> **Task**
Set down the data below word for word, and leave the images aside.

> **The data**
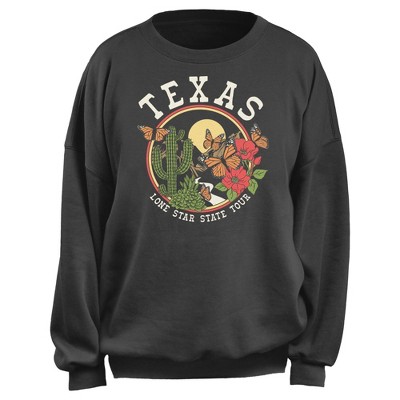 • Strut your stuff with this stylish new juniors' oversized sweatshirt that is perfect for every occasion! Featuring a sunset on a tropical beach with palm trees and flowers in a distressed style across the front.
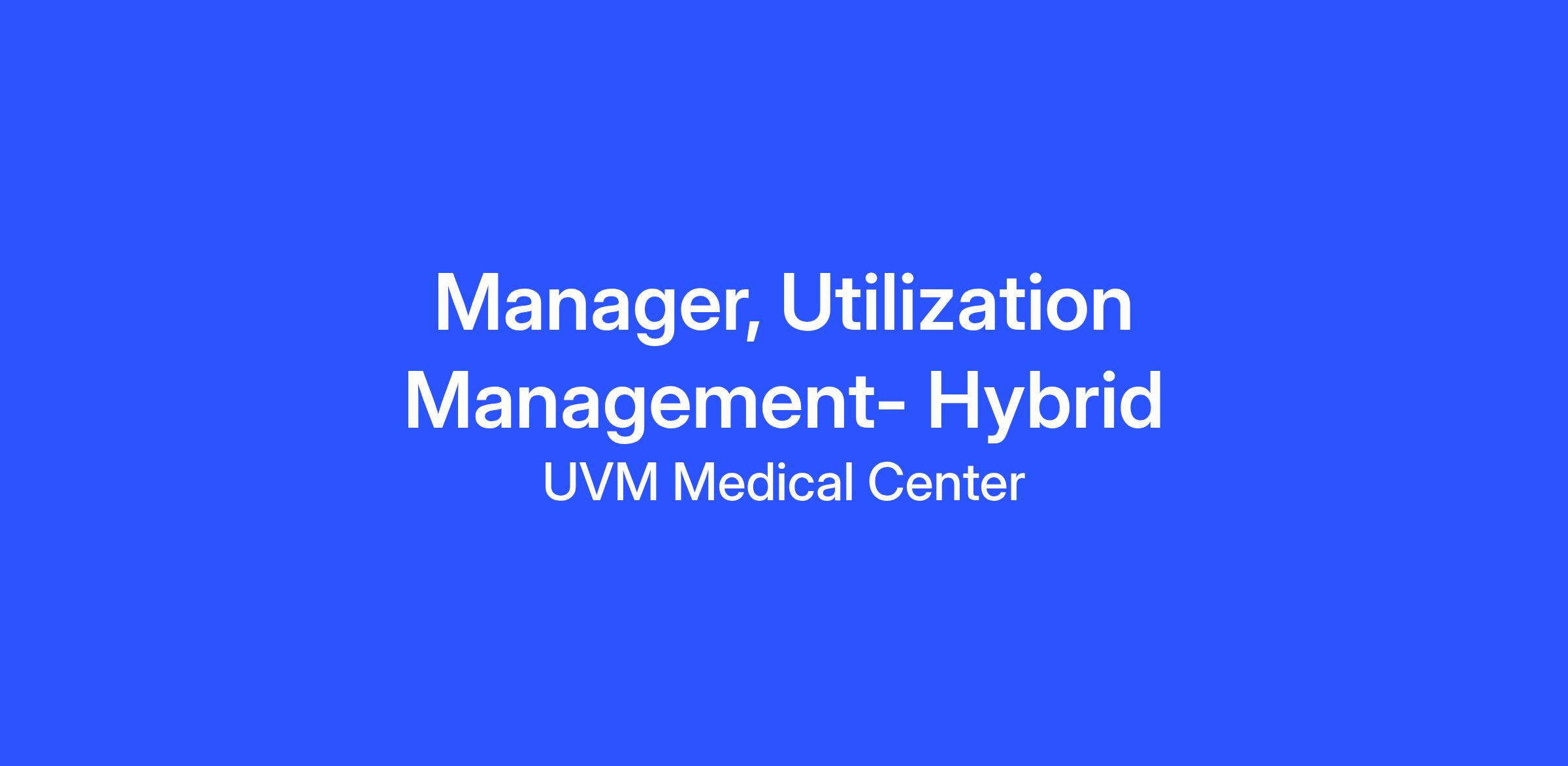 The Manager of Utilization Management leads teams responsible for oversight of staff and daily operations within the Utilization Management (UM) department. This role provides training, guidance, and support to direct reports, ensures regulatory compliance, and contributes to UM programming across the UVM Health. The manager ensures quality outcomes in medical necessity review, appeals, denials, and patient status determination.
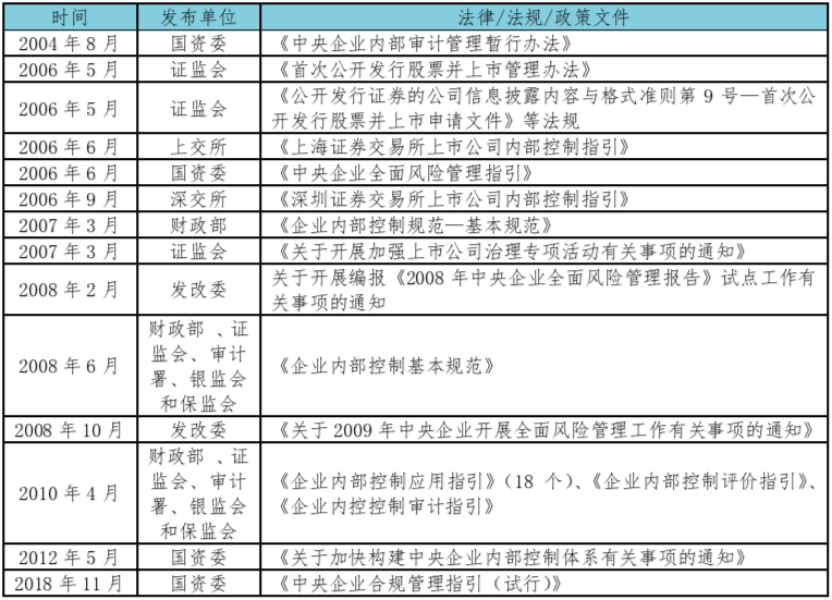 在國家相關(guān)部委發(fā)布的諸多文件中,最為廣泛引用的則是2008年發(fā)布的《企業(yè)內(nèi)部控制基本規(guī)范》,以及2010年在《關(guān)于印發(fā)企業(yè)內(nèi)部控制配套指引的通知》中發(fā)布的《內(nèi)部控制應(yīng)用指引》、《企業(yè)內(nèi)部控制評價指引》以及《企業(yè)內(nèi)部控制審計指引》。

> **Reply to the exercise**
 • Strut your stuff with this stylish new juniors' oversized sweatshirt that is perfect for every occasion! Featuring a sunset on a tropical beach with palm trees and flowers in a distressed style across the front.
 The Manager of Utilization Management leads teams responsible for oversight of staff and daily operations within the Utilization Management (UM) department. This role provides training, guidance, and support to direct reports, ensures regulatory compliance, and contributes to UM programming across the UVM Health. The manager ensures quality outcomes in medical necessity review, appeals, denials, and patient status determination.
 在國家相關(guān)部委發(fā)布的諸多文件中,最為廣泛引用的則是2008年發(fā)布的《企業(yè)內(nèi)部控制基本規(guī)范》,以及2010年在《關(guān)于印發(fā)企業(yè)內(nèi)部控制配套指引的通知》中發(fā)布的《內(nèi)部控制應(yīng)用指引》、《企業(yè)內(nèi)部控制評價指引》以及《企業(yè)內(nèi)部控制審計指引》。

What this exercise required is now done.